◆ What the exercise asks:
Return every line from the records below in which the word "time" is found.

---------- Dataset excerpts

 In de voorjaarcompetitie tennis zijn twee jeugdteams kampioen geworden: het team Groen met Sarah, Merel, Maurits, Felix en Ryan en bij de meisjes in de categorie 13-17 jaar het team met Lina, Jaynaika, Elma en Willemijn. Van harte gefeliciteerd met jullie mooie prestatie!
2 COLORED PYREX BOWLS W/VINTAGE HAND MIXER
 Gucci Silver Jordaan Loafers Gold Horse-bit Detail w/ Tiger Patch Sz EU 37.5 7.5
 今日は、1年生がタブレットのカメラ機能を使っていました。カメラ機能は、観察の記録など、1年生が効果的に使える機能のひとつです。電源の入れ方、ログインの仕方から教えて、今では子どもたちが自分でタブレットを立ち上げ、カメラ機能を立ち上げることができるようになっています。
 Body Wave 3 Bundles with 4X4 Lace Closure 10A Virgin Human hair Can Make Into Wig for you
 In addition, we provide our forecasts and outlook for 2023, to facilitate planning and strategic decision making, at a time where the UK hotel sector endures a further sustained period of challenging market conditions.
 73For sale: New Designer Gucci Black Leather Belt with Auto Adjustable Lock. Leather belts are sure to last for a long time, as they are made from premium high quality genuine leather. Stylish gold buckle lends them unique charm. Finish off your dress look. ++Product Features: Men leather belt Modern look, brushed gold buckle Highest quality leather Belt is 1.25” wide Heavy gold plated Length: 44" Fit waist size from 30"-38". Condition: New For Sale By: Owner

--------------------
---------- Dataset excerpts

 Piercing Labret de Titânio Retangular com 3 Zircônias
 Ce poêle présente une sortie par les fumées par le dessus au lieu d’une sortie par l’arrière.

--------------------
---------- Dataset excerpts

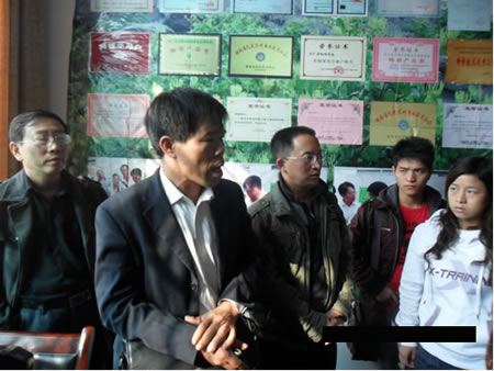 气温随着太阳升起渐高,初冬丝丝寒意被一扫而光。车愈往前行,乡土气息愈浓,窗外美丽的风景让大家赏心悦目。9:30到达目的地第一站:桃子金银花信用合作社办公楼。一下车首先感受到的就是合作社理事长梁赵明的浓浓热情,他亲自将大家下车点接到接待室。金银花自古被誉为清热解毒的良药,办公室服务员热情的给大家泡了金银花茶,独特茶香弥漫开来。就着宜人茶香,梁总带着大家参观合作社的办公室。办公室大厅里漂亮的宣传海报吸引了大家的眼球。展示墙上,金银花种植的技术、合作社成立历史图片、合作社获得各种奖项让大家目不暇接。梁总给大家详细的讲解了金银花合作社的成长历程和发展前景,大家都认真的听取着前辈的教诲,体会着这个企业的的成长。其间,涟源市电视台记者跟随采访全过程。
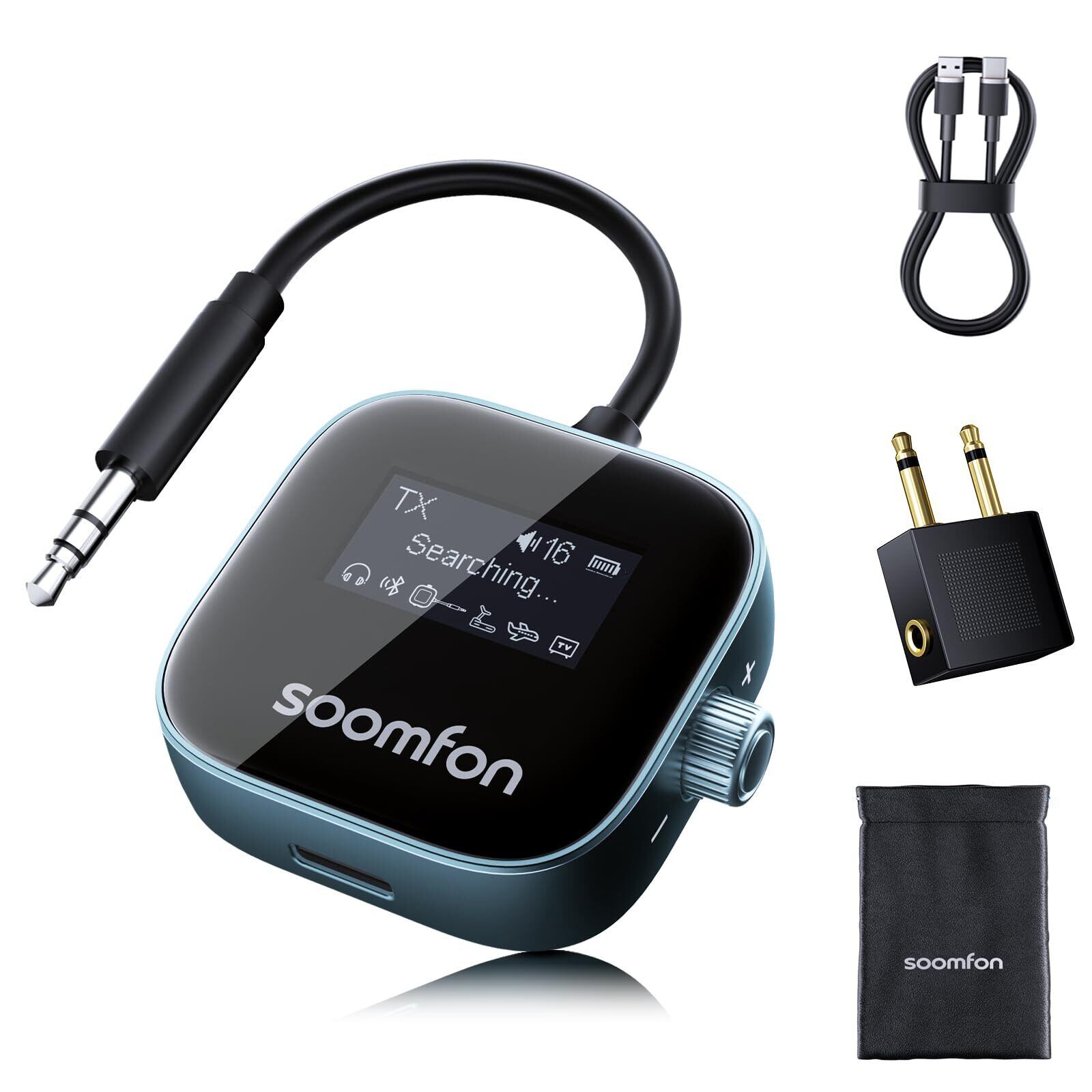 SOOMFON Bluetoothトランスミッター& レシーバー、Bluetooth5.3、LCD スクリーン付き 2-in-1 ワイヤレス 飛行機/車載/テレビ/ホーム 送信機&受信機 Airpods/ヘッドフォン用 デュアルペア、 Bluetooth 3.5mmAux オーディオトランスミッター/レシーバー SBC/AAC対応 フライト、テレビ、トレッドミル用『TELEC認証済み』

--------------------

◆ Answer section:
 In addition, we provide our forecasts and outlook for 2023, to facilitate planning and strategic decision making, at a time where the UK hotel sector endures a further sustained period of challenging market conditions.
 73For sale: New Designer Gucci Black Leather Belt with Auto Adjustable Lock. Leather belts are sure to last for a long time, as they are made from premium high quality genuine leather. Stylish gold buckle lends them unique charm. Finish off your dress look. ++Product Features: Men leather belt Modern look, brushed gold buckle Highest quality leather Belt is 1.25” wide Heavy gold plated Length: 44" Fit waist size from 30"-38". Condition: New For Sale By: Owner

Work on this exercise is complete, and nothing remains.